Bring broth to boiling in a large soup pot or saucepan. Add carrots, noodles, chicken, and juice; cover pot and bring back to a b oil. Uncover pot, season, and cook 6 minutes more. Serves 4.



Chicken and White Bean Chili
Ruthann Eucker

Saute in 2 T olive oil until tender:
1 small onion diced
1/2 t. garlic
1/2 orange pepper diced

Add;
1 can green chili peppers
1 T chili pepper
1 T cumin
1 T cilantro
1 pint canned chicken with juice

Stir together and add:
5-6 c. cooked white beans
2 c. water and 2 chicken boullion cubes
Salt to taste
Simmer 20 minutes or until flavors blend


Taco Soup
Darla Green

2 chicken breasts
1 t. chili powder
1 small onion, diced
?t. cumin
1 c. water
? t. crushed garlic
16 o can stewed tomatoes
dash of red pepper
14-16 oz can black beans
14-16 oz can corn
small can sliced olives
tortilla chips
grated cheese
salt and pepper to taste

Simmer chicken and onion in water until cooked. Dice chicken. Add (with all juices) the tomatoes, beans, corn, olives, chili powder, cumin, garlic, cayenne pepper, salt and pepper. Simmer 15 minutes. Spoon into soup bowls. Top with tortilla chips and grated cheese.
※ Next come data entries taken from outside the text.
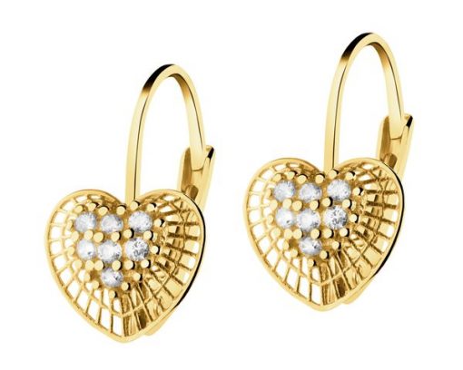 Złote kolczyki z cyrkoniami – serca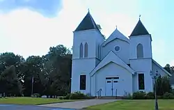 Carpenter Alex F. Simpson planned the Gothic Revival church. The one-story frame church features a square tower at both of the front corners. Each tower has a louvered lancet arch window above the first story, which is demarcated by a belt course; the towers are both topped by pyramidal spires with finials. A bargeboard with decorative moldings covers the gable between the two towers; the front entrance, added below the gable in 1958, features a matching bargeboard. The sides of the church each feature three lancet arch windows; while the windows originally had plain glass, stained glass was installed in 1981.[2]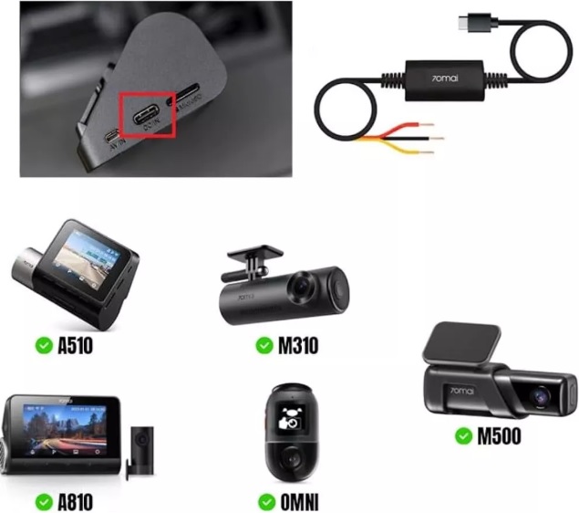 Hardwire Kit 70mai UP03 tương thích với hầu hết các dòng camera hành trình 70mai sử dụng cổng nguồn USB-Type-C như 70mai 4K Omni X800; 70mai A510; 70mai A500S; 70mai A200 và 70mai M310. Các thiết bị này lấy nguồn trực tiếp từ hệ thống điện xe và cấp ổn định 5V–2.4A qua cổng Type-C, nên chỉ phù hợp với camera 70mai có ngõ vào nguồn Type-C, không dùng được cho những camera đời cũ vẫn còn cổng micro-USB.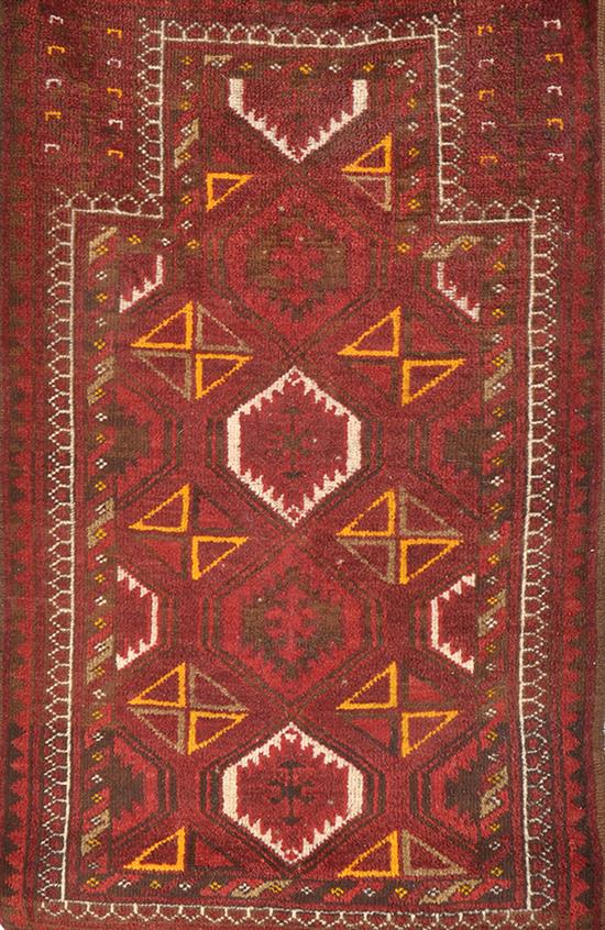AN ANATOLIAN RUG, red and brown tones 116 x 67cm, excluding tassels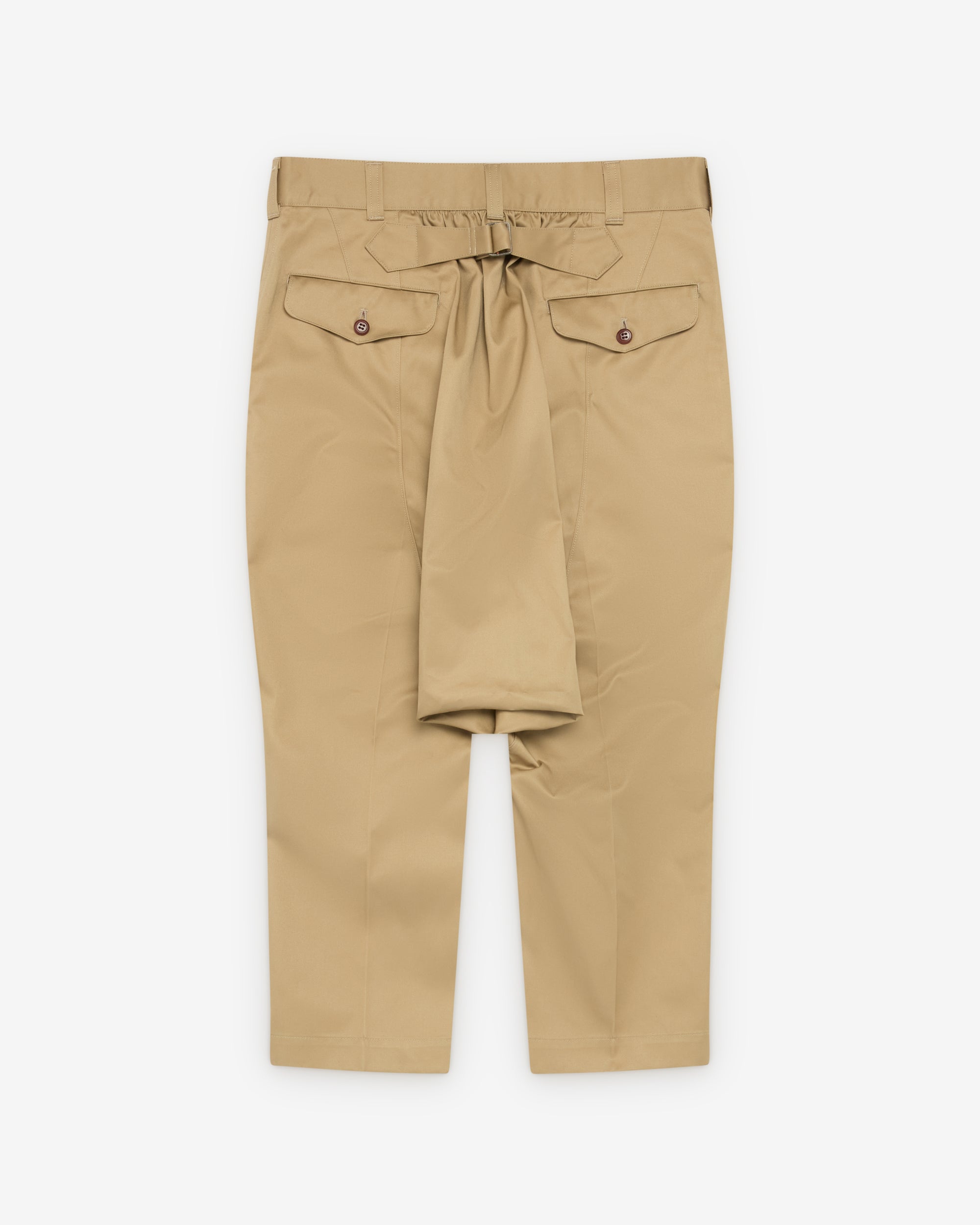 Cropped legFront pleat Button waist, zip flySide seam pocketTwo back pocketsDrop crotch
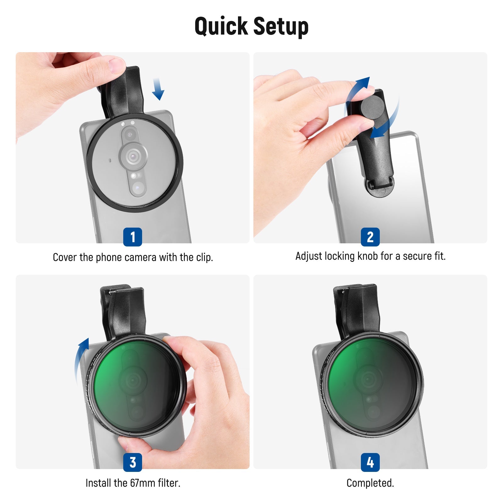 - Clip seguro y ajustable : El clip para filtro cuenta con un tornillo ajustable que permite personalizar la apertura y asegurarlo firmemente durante el uso. Las almohadillas de goma suaves y antideslizantes aportan estabilidad y protegen el teléfono de arañazos.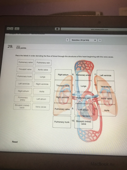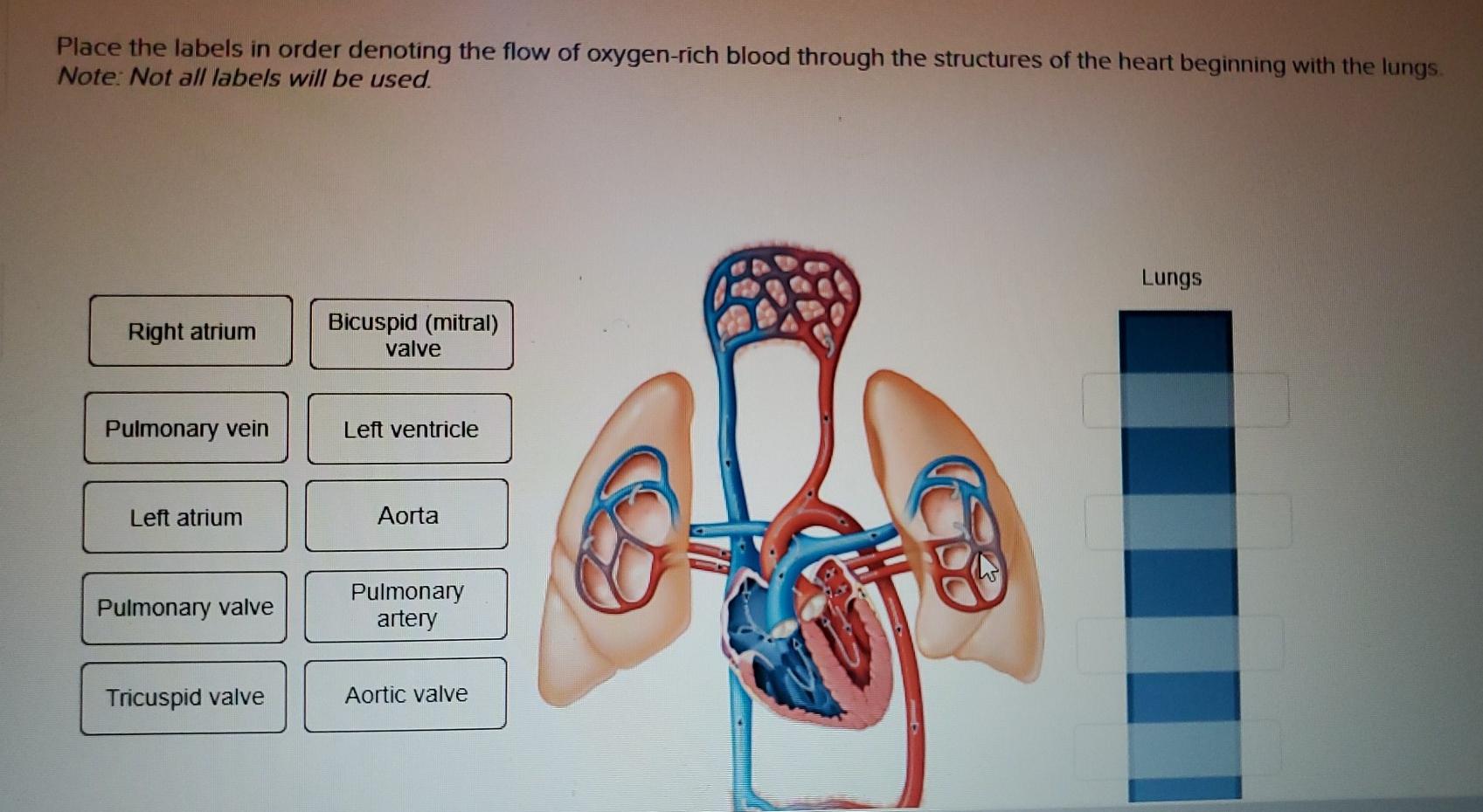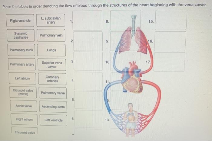 Solved Place The Labels In Order Denoting The Flow Of Blood Chegg Com

To make Taco Soup using only food storage items substitute

for the: substitute:
onion 1 tsp onion powder
garlic 1/4 t. garlic powder
tortilla chips 1T. coarsley ground cornmeal (simmered w other ingredients)
chicken breast Omit (as I did) or use canned chicken


Salsa Chicken
Rachael McCauley

1 jar salsa
4 chicken breasts or 2 cans chicken
1 can corn
1 can black beans
corn tortillas or tortilla chips
cheese (opt)
sour cream (opt)

Put chicken and salsa in crockpot, cook on low for 3-4 hours (1-2 hours if canned chicken). Add black beans and corn the last hour. Cook tortillas in a pan on stovetop with a little oil and salt to make into tacos, add cheese and sour cream OR serve with tortilla chips, cheese and sour cream.